What this task involves
Below are the records; give again exactly the lines from the one containing "5-00 Replaces: HRV-1SI" through the one containing "正如在出征前她接受长春广播电", leaving out pictures.

Records provided

((

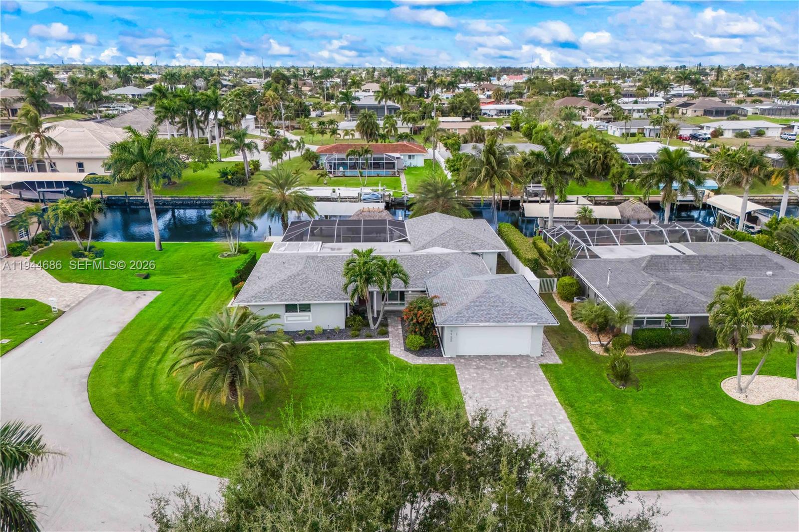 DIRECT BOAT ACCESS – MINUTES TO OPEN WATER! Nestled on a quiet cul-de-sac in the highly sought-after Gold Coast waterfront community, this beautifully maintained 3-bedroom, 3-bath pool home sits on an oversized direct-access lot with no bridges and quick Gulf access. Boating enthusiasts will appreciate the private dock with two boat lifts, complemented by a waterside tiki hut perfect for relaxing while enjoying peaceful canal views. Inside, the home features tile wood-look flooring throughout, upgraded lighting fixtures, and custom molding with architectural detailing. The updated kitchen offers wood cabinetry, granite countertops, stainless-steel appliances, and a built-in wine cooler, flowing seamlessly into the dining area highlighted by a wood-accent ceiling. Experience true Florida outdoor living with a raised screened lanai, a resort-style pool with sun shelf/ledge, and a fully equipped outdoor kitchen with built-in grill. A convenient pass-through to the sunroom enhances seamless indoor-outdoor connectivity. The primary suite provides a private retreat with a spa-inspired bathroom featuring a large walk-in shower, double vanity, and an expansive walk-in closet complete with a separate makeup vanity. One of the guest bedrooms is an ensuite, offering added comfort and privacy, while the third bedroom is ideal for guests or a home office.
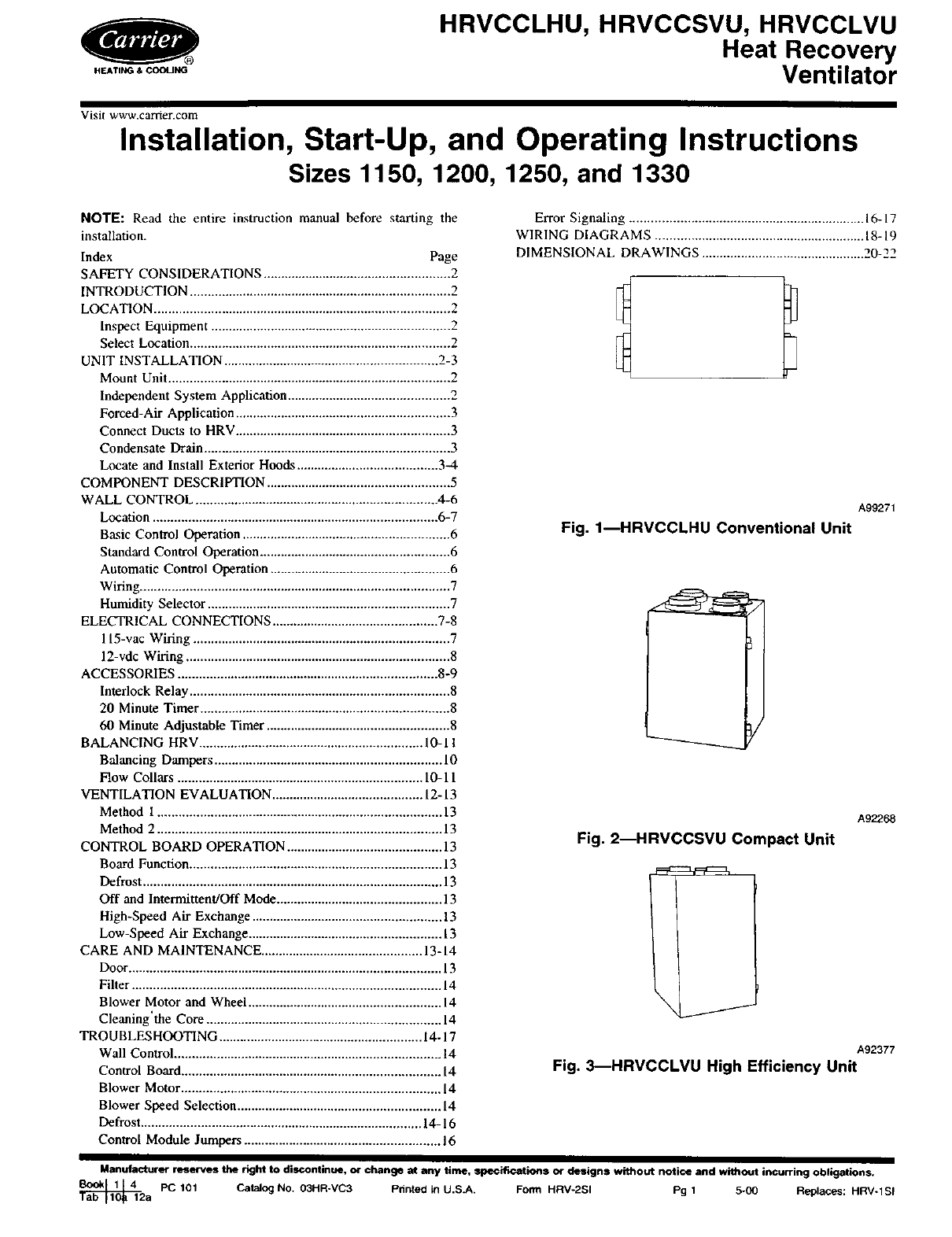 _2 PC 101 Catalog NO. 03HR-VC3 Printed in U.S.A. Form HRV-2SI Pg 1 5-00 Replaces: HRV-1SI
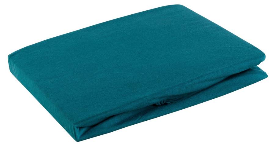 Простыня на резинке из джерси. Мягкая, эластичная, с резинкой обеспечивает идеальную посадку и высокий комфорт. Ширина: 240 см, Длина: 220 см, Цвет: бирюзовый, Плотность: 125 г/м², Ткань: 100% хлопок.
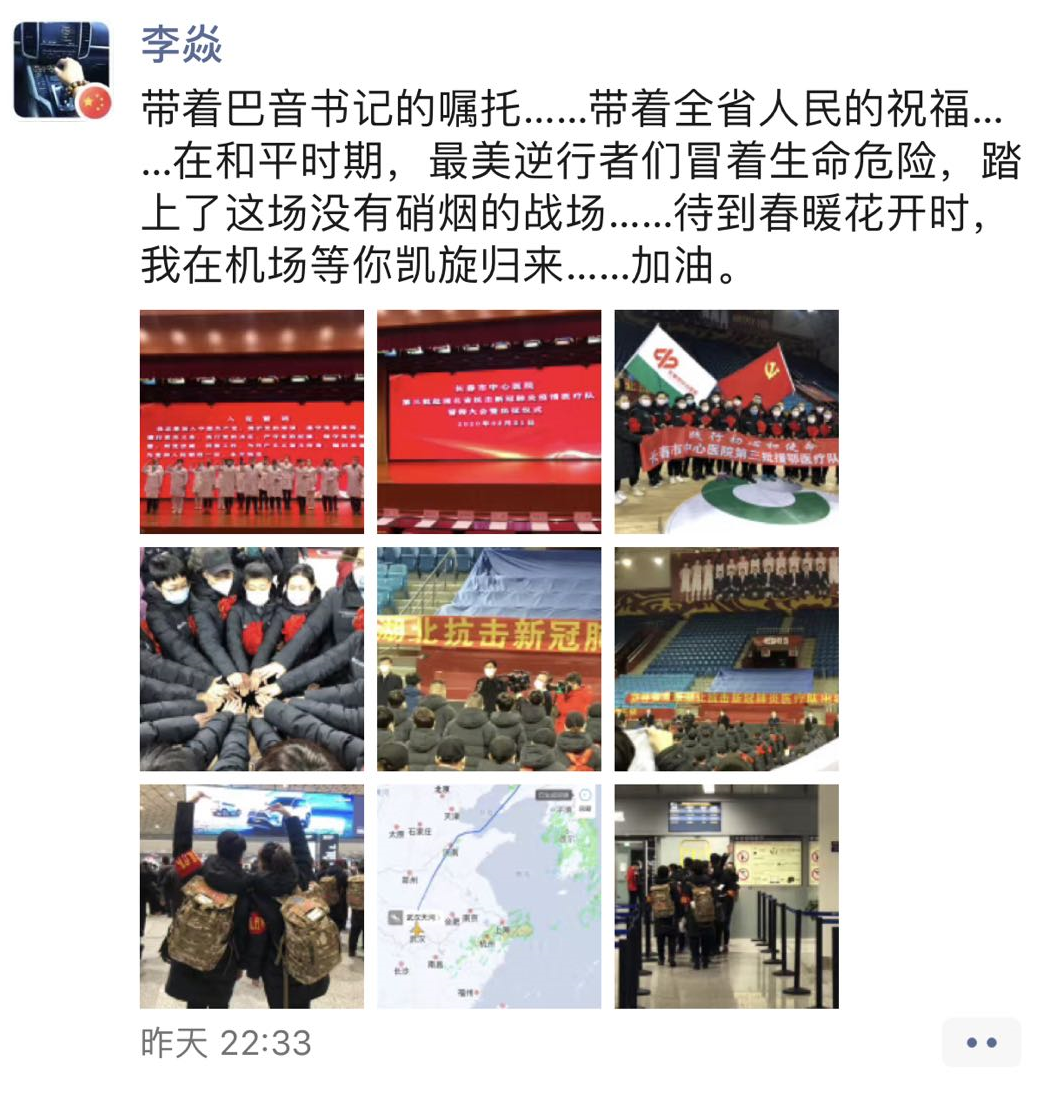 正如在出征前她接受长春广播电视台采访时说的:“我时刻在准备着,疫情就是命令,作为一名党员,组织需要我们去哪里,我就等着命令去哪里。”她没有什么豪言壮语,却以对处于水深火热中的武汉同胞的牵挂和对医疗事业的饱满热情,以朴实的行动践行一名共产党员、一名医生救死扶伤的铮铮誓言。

))
((

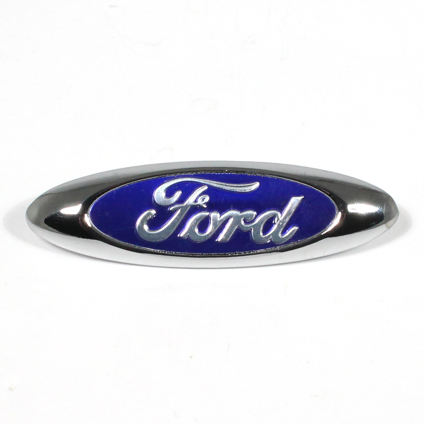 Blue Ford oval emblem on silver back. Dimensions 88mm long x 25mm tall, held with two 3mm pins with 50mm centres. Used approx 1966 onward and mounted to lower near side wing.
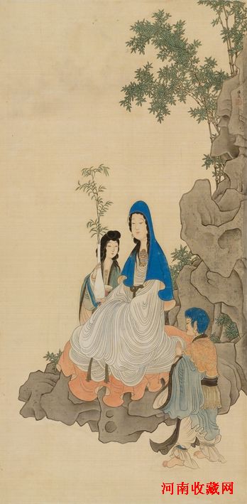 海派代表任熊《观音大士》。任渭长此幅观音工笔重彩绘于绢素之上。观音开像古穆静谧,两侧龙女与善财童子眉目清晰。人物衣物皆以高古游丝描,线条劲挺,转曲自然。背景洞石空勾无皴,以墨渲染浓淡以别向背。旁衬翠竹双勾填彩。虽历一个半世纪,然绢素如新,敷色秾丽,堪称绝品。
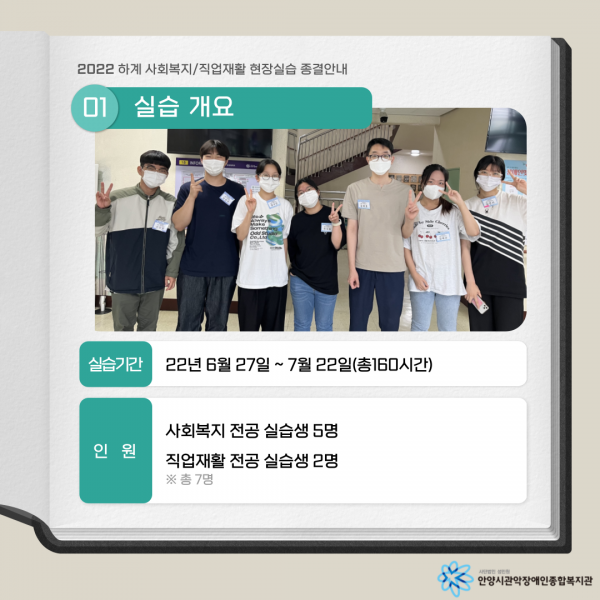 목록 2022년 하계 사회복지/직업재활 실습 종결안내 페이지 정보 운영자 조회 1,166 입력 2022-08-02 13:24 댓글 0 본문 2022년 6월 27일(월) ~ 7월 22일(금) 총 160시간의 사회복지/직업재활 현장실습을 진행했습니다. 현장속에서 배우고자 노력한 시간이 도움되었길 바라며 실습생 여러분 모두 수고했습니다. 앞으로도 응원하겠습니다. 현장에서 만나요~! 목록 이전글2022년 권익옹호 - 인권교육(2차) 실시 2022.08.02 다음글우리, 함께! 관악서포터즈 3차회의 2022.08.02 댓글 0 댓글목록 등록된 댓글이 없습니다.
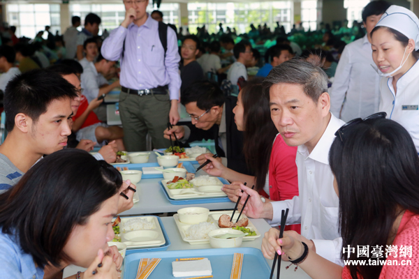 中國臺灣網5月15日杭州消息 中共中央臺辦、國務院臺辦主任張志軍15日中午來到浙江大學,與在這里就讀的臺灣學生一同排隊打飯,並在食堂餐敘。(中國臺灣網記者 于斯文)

))

Expected answer
 _2 PC 101 Catalog NO. 03HR-VC3 Printed in U.S.A. Form HRV-2SI Pg 1 5-00 Replaces: HRV-1SI
 Простыня на резинке из джерси. Мягкая, эластичная, с резинкой обеспечивает идеальную посадку и высокий комфорт. Ширина: 240 см, Длина: 220 см, Цвет: бирюзовый, Плотность: 125 г/м², Ткань: 100% хлопок.
 正如在出征前她接受长春广播电视台采访时说的:“我时刻在准备着,疫情就是命令,作为一名党员,组织需要我们去哪里,我就等着命令去哪里。”她没有什么豪言壮语,却以对处于水深火热中的武汉同胞的牵挂和对医疗事业的饱满热情,以朴实的行动践行一名共产党员、一名医生救死扶伤的铮铮誓言。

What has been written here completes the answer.